WORK INSTRUCTION:
Each entry that follows is to be retyped exactly. Pictures do not belong in the copy.

### PROVIDED MATERIAL ###

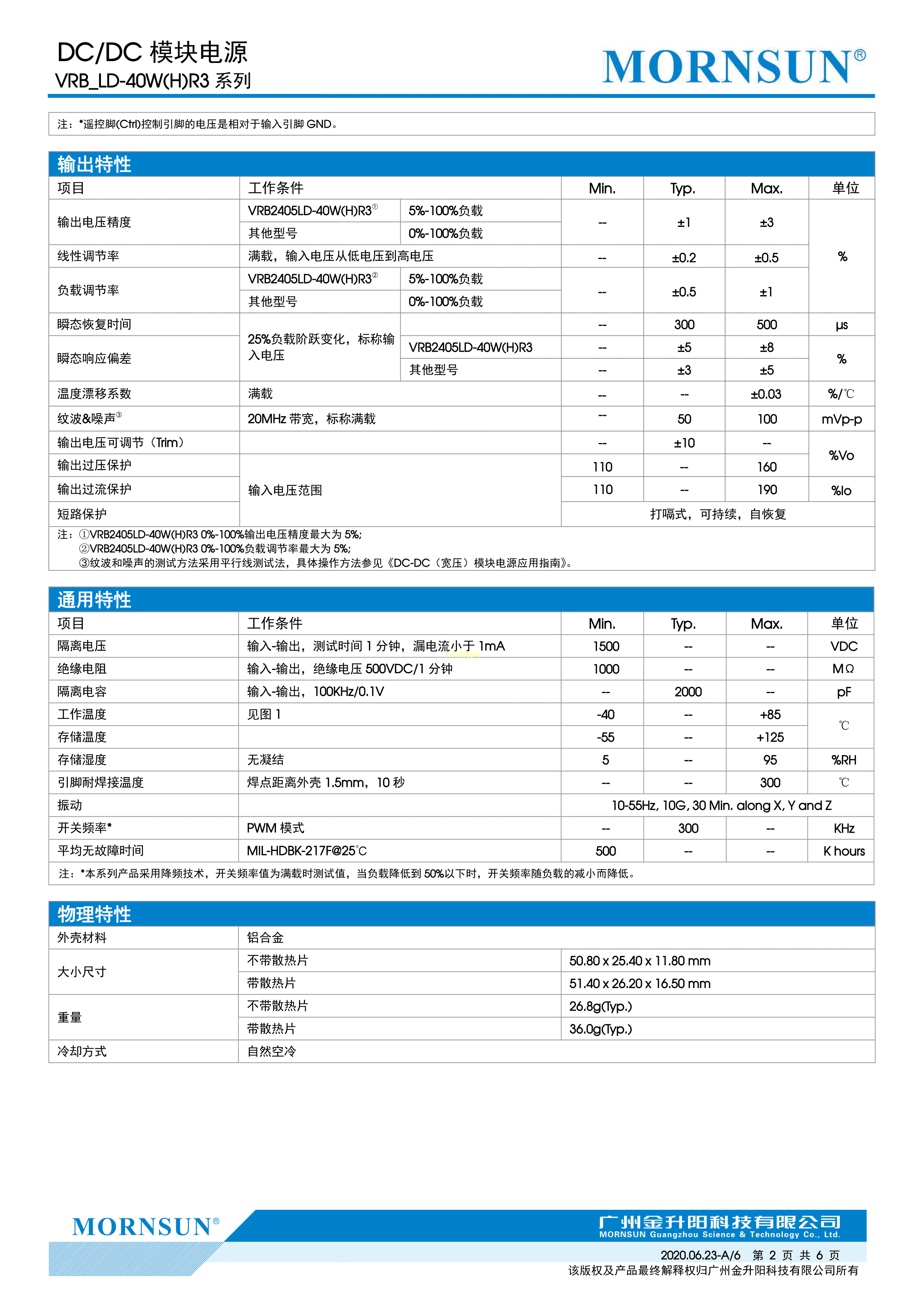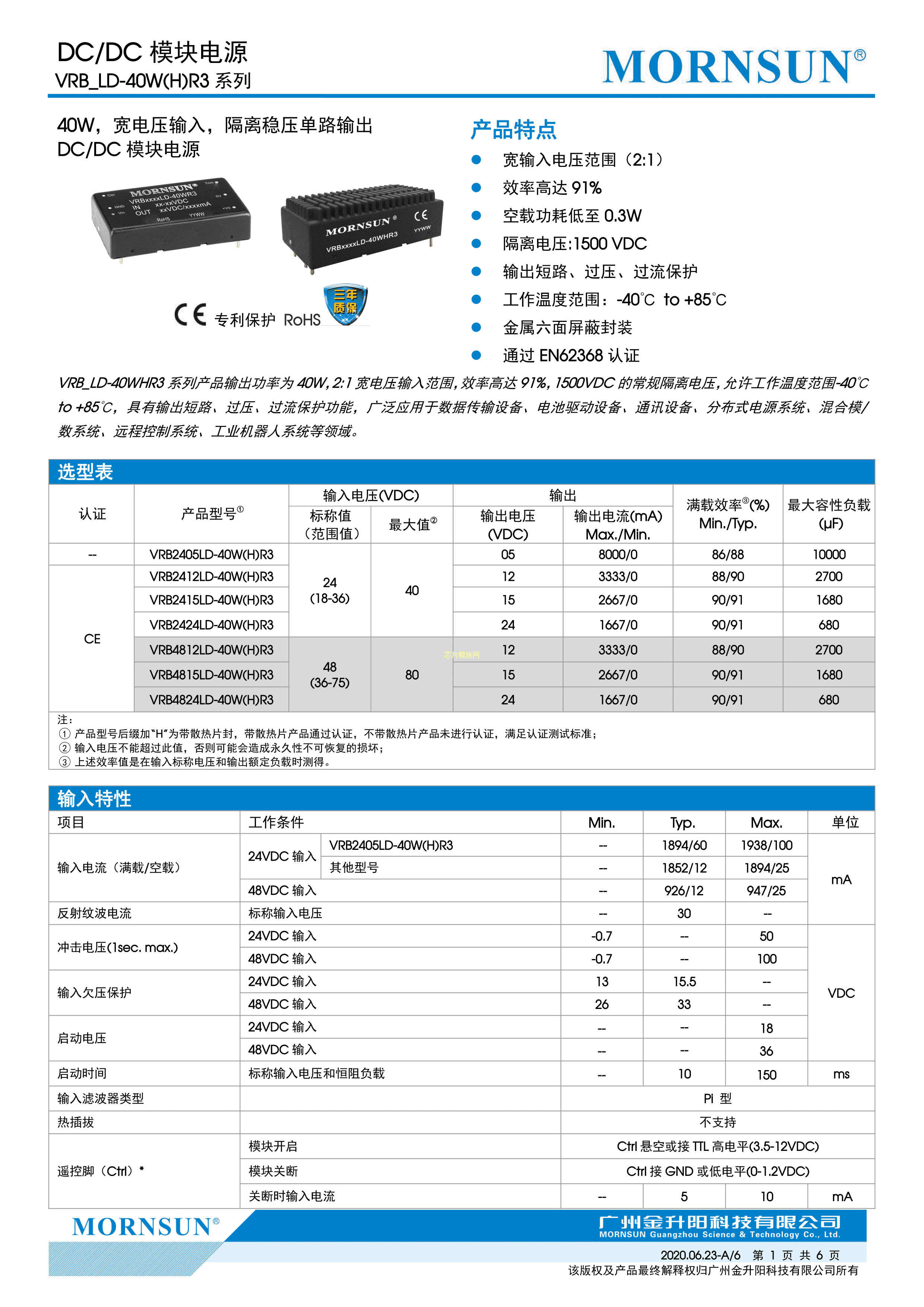 VRB2405LD-40WHR3数据手册插件封装MORNSUN(金升阳)PDF规格书,中英文下载
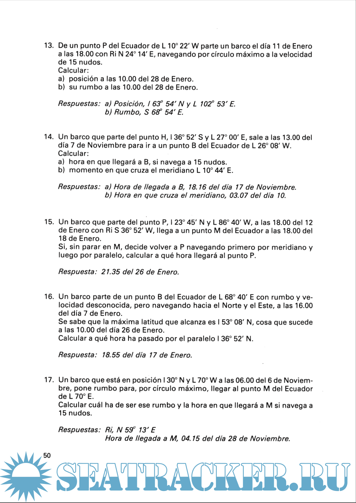 Problemas de trigonometría aplicados a la navegación
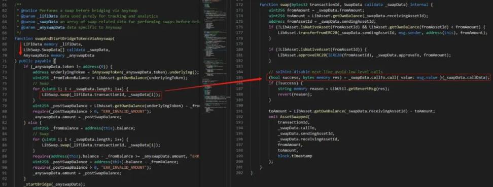 上图中的swapAndStartBridgeTokensViaCBridge方法中,传入的_swapData参数没有严格限制。在同一个LibSwap.swap调用中,该值不受严格限制。因此,在swap方法中,_swapData可以成功地调用call方法来执行恶意操作。攻击者利用此漏洞进行多次调用以获取资金。
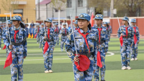 揭牌结束后核心成果展演惊艳登场,海军特色融合方阵将刺杀操与旗语操结合,刚劲凌厉的动作尽显少年铁血,规范的旗语传递深蓝使命,一动一静间,尽显小海军的飒爽英姿,赢得全场阵阵喝彩。随后,大刀队、旗语操、军体拳方阵依次登场,拳拳生风、身姿矫健,将少年精气神展现得淋漓尽致,现场掌声不断。
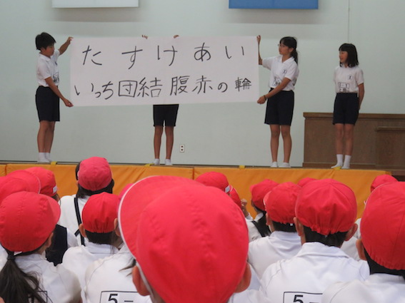 今年のスローガンは「たすけあい いっち団結 腹赤の輪」です。みんなで力を合わせて運動会を成功させようという気持ちがしっかり伝わってきます。

###

EXERCISE RESULT:
 VRB2405LD-40WHR3数据手册插件封装MORNSUN(金升阳)PDF规格书,中英文下载
 Problemas de trigonometría aplicados a la navegación
 上图中的swapAndStartBridgeTokensViaCBridge方法中,传入的_swapData参数没有严格限制。在同一个LibSwap.swap调用中,该值不受严格限制。因此,在swap方法中,_swapData可以成功地调用call方法来执行恶意操作。攻击者利用此漏洞进行多次调用以获取资金。
 揭牌结束后核心成果展演惊艳登场,海军特色融合方阵将刺杀操与旗语操结合,刚劲凌厉的动作尽显少年铁血,规范的旗语传递深蓝使命,一动一静间,尽显小海军的飒爽英姿,赢得全场阵阵喝彩。随后,大刀队、旗语操、军体拳方阵依次登场,拳拳生风、身姿矫健,将少年精气神展现得淋漓尽致,现场掌声不断。
 今年のスローガンは「たすけあい いっち団結 腹赤の輪」です。みんなで力を合わせて運動会を成功させようという気持ちがしっかり伝わってきます。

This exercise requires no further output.